This study aims to design the Media Query Language (MQL) (Lenkiewicz, et al. 2012) combined with the Linguistic Media Query Interface (LMQI) for Elan (Wittenburg, et al. 2006). The system integrated with the new achievements in audio-video recognition will allow querying media files with predefined gesture phases (or motion primitives) and speech characteristics as well as combinations of both. For the purpose of this work the predefined motions and speech characteristics are called patterns for atomic elements and actions for a sequence of patterns. The main assumption is that a user-customized library of patterns and actions and automated media annotation with LMQI will reduce annotation time, hence decreasing costs of creation of annotated corpora. Increase of the number of annotated data should influence the speed and number of possible research in disciplines in which human multimodal interaction is a subject of interest and where annotated corpora are required. Introduction
The development in the area of audio-visual-recording devices leads to increase of the number of high performance hardware, enabling studies based on media recordings. In order to analyze a recording, the corpus needs to be annotated. The ideal solution would be an automated annotation system, which is a challenge for software developers. The algorithms need to not only retrieve points of interest from 2D and 3D recordings, but also to interpret them and to allow users to add extra interpretation, depending on the subject of study.

The work on the MQL and the LMQI is trying to meet the expectations of researchers.
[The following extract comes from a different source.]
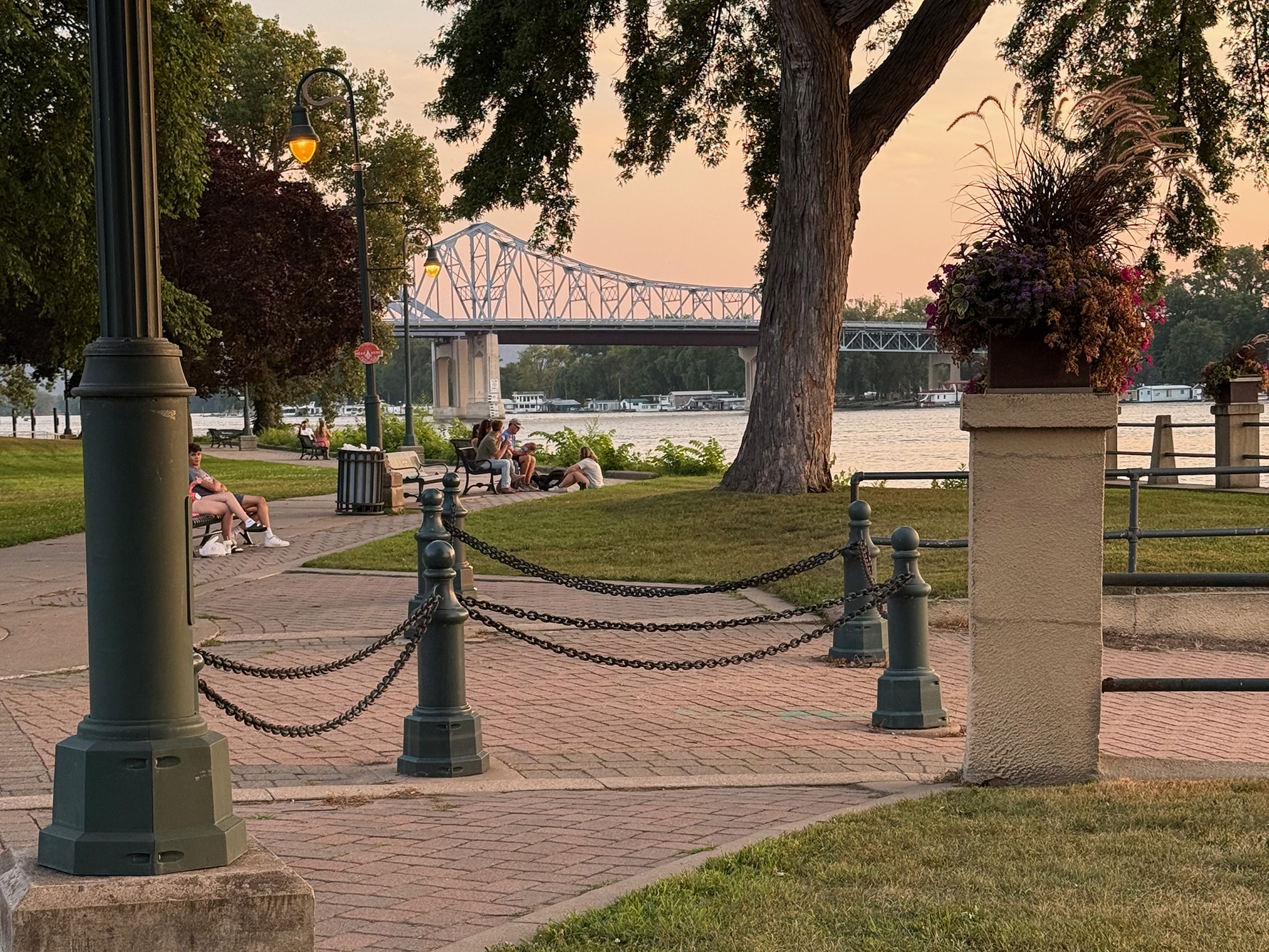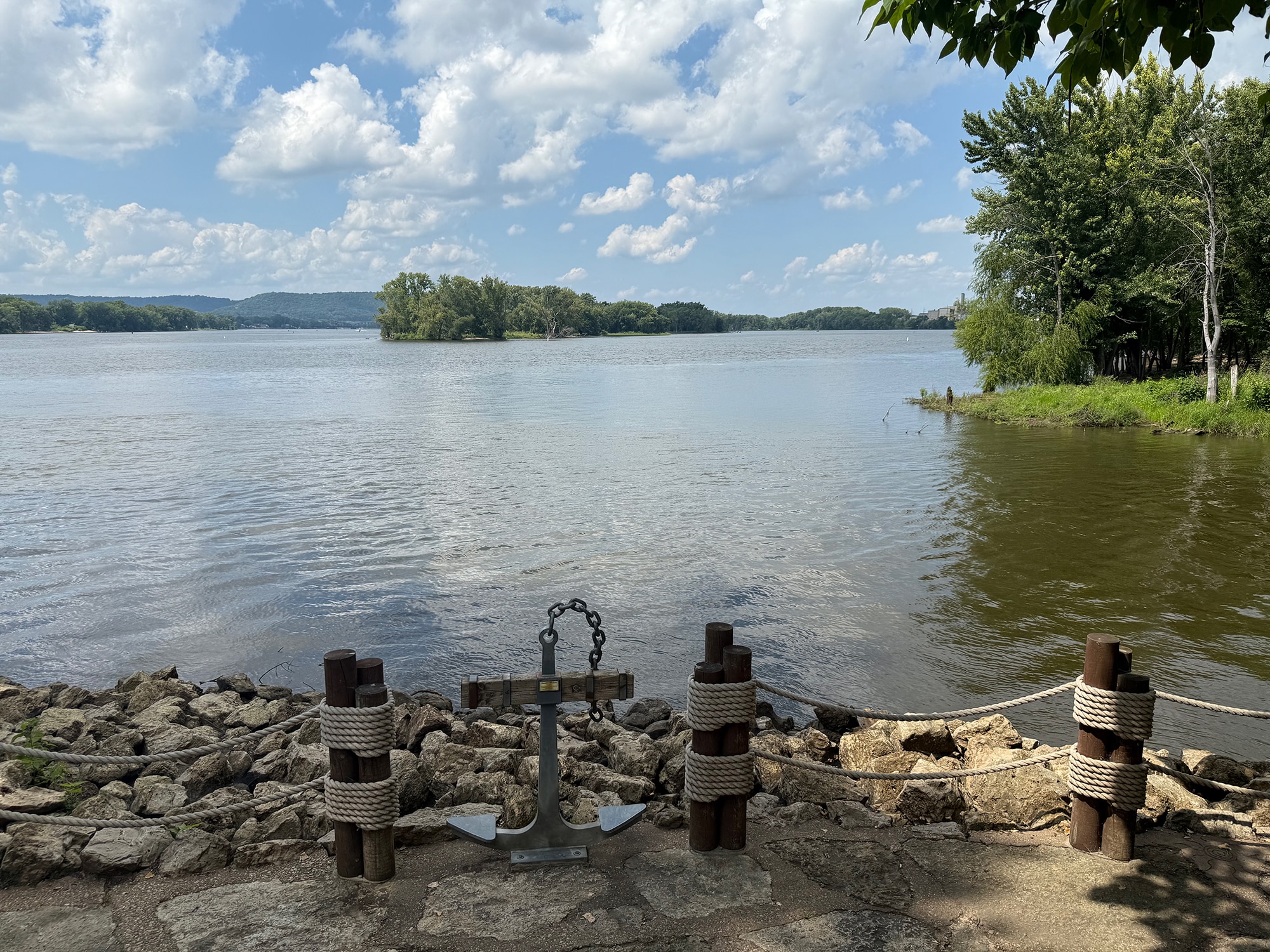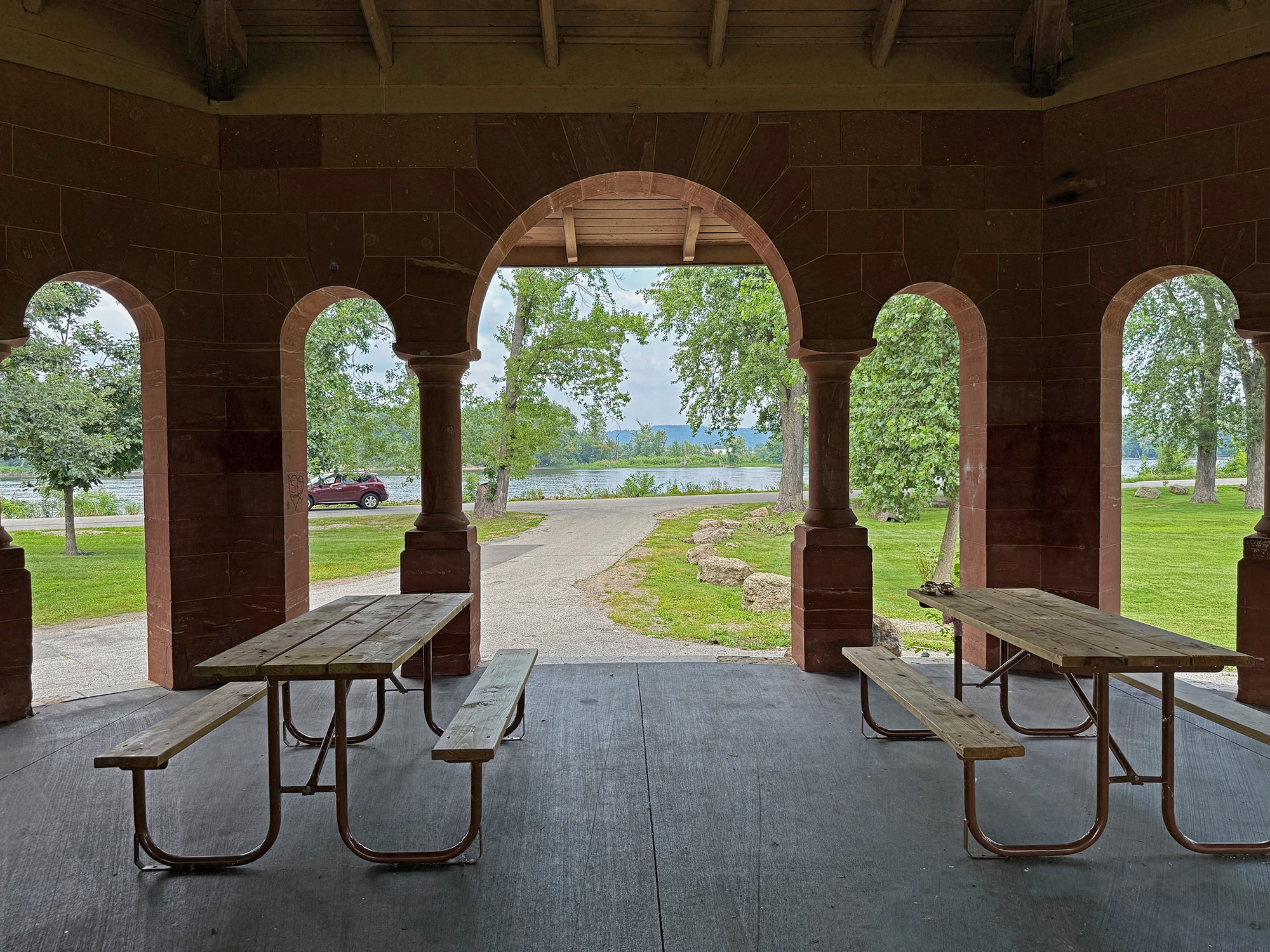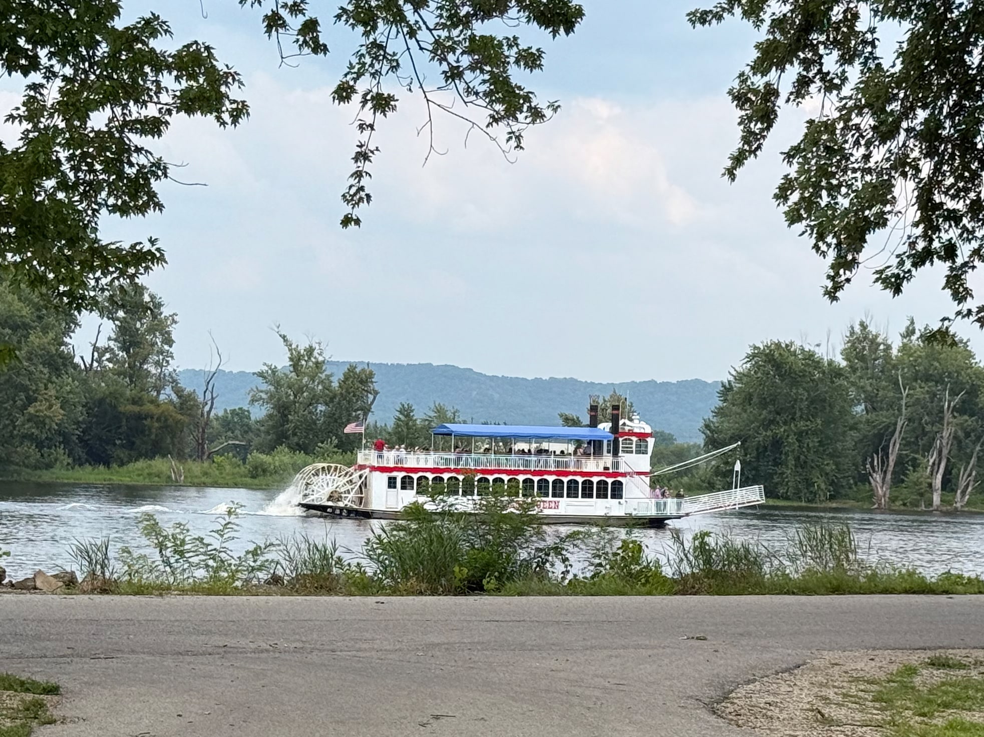 We made our way to the Pettibone Pavilion, which was just awesome! Built in 1902, there were enough picnic tables for a family reunion and wonderful views of the park and the Mississippi. When we were about to leave, I heard the La Crosse Queen making her way downriver, and I was able to get a picture out in front of the gazebo.

The system design assumes no previous knowledge of any query or programing language, nor query interface. The query syntax is similar to the syntax of a natural language with assumption that the data output goes into the Elan tier.

The main requirement of the MQL is that the data received from the recording contains time information, allowing alignment of the tier with the recording. The assumption is that any software retrieving information form the recording may be integrated with the MQL. At the current stage, the algorithms integrated with the system are the recognizers (Lenkiewicz, et al. 2011) delivering time aligned coordinates from 2D video recordings.

The LMQI was built to simplify the work with the MQL.

The Media Query Language
Recently several automated annotation tools and techniques for deriving metadata (Hansen, et al. 2007; Park, et al. 2007; Chia-Han, et al. 2001; Crestani, et al. 2004; Rui Peng, et al. 2010) have been developed. The study often concentrates on joining syntactic and semantic levels of analyzed recordings. The work on the MQL is based on the premise that in order to lead research, the researchers themselves need to decide whenever a given phenomenon carries semantic meaning. To meet this requirements, there has to be a tool able to formulate a query describing elements of a tested theory, and use it on recordings obtained during experiments.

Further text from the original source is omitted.